As for all cases in LPG with conventional method, direct anastomosis between the esophagus and gastric tube by a circular stapler was performed. After the upper part of the stomach was fully mobilized, the abdominal esophagus was transected. The stomach was cut between the points of the distal three fourths of the lesser curvature and a half of the greater curvature, and a long gastric tube measuring 15 cm in length and 4 cm in width was made. The lower esophagus is anastomosed to the posterior wall of the gastric tube with a circular stapler inserted through a small opening made on the anterior wall of the stomach. Direct anastomosis between the esophagus and gastric tube was completed.

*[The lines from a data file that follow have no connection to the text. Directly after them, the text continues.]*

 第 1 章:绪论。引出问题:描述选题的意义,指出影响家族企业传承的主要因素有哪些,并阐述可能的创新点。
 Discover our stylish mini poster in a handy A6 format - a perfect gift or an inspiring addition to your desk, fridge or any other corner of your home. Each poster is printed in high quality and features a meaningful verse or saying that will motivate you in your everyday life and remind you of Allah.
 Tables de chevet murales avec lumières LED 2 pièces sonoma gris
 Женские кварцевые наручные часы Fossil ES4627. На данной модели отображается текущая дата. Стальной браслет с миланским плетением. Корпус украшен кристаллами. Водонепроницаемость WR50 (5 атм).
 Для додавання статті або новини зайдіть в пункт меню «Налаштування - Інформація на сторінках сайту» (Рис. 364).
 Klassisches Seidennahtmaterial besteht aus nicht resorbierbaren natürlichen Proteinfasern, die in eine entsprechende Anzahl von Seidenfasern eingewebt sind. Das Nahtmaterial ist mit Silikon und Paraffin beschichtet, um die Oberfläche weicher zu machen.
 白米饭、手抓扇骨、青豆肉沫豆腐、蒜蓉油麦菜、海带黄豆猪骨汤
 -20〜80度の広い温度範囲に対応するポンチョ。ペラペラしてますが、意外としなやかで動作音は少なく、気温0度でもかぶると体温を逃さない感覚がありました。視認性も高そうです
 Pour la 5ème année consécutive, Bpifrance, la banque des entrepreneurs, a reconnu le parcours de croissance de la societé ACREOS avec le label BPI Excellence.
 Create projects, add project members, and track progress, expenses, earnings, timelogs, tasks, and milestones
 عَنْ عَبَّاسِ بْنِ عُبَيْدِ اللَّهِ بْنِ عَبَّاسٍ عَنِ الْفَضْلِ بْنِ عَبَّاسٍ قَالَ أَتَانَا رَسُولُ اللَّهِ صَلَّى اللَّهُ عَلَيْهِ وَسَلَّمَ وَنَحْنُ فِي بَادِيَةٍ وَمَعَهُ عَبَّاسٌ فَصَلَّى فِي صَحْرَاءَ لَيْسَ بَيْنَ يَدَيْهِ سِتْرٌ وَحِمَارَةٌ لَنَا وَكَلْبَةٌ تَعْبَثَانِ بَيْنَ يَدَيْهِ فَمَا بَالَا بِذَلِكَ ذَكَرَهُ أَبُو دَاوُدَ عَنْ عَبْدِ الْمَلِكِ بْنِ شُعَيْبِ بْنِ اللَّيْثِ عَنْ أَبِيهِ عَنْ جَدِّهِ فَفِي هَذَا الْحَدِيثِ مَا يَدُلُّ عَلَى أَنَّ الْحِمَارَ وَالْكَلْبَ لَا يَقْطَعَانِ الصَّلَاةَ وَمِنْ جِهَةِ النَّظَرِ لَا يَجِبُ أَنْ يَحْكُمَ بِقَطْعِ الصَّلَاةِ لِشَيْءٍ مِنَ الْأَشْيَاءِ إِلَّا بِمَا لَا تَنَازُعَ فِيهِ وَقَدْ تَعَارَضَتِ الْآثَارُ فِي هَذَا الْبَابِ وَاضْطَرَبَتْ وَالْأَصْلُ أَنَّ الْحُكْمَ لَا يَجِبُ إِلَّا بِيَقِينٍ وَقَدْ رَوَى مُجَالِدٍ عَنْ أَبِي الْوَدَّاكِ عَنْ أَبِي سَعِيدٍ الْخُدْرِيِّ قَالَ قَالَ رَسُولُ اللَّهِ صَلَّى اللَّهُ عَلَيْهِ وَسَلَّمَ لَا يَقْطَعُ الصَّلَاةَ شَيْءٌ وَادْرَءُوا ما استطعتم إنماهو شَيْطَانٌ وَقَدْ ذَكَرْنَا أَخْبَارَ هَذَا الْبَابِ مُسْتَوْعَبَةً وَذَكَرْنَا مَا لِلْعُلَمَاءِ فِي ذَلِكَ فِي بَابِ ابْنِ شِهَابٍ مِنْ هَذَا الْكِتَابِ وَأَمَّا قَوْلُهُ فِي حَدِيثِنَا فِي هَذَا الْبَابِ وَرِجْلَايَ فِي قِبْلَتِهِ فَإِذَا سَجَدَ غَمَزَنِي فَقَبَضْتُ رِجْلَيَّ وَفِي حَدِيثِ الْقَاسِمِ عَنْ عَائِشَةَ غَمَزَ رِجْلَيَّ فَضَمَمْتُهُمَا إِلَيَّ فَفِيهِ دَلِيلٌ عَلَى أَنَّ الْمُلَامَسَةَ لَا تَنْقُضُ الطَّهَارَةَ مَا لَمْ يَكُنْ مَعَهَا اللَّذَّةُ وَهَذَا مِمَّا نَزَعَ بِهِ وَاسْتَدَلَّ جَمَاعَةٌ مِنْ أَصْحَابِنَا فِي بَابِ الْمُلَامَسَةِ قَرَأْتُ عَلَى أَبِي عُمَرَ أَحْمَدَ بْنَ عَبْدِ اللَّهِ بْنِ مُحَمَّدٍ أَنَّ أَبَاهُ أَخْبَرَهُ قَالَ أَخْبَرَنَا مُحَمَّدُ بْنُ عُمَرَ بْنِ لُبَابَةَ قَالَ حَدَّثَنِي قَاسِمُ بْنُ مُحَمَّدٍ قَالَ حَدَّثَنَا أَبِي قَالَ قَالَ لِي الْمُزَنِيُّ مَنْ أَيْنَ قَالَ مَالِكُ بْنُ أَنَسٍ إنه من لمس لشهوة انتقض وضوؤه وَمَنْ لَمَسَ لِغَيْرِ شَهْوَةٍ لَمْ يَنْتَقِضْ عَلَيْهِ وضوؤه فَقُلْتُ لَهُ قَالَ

2.4. Evaluation of short- and long-term outcomes. Short- and long-term outcomes of 30 patients who underwent LPG with novel method were compared with those of 9 patients who underwent LPG with conventional method. We examined the following clinicopathological characteristics of all patients undergoing LPG, such as age, sex, body mass index (BMI), clinicopathological findings including tumor size, clinical TNM factors, pathological TNM factors. Surgical findings, such as operation time and blood loss, were also examined. We also examined the following data to evaluate the short- and long-term outcomes, such as postoperative mortality, start of diet food, postoperative hospital stay, postoperative complications defined as any condition requiring conservative or surgical treatment occurring within 30 days after the operation, including anastomotic leakage, anastomotic stenosis, pancreatic fistula, stasis, and postoperative general complications including respiratory, cardiovascular, and renal disorders, and enterocolitis. Postoperative complications were classified according to the Clavien-Dindo (CD) classification [18]. Patients were routinely followed-up by clinical visits every 6 months for 5 years at least. They consisted of a clinical examination, blood tests, thoraco-abdominal CT examination. Followed-up endoscopy was routinely performed at 1 year after operation to evaluate reflux esophagitis, classified according to the Los Angeles classification [19].
2.5. Statistical analysis. Quantitative data are given as the median and range. Differences between the two groups were assessed by the chi-square test, Fisher’s exact test, or Mann-Whitney U test as appropriate. A P-value < .05 was considered statistically significant. These analyses were carried out using SPSS ver. 24 (SPSS Inc., Chicago, IL, USA).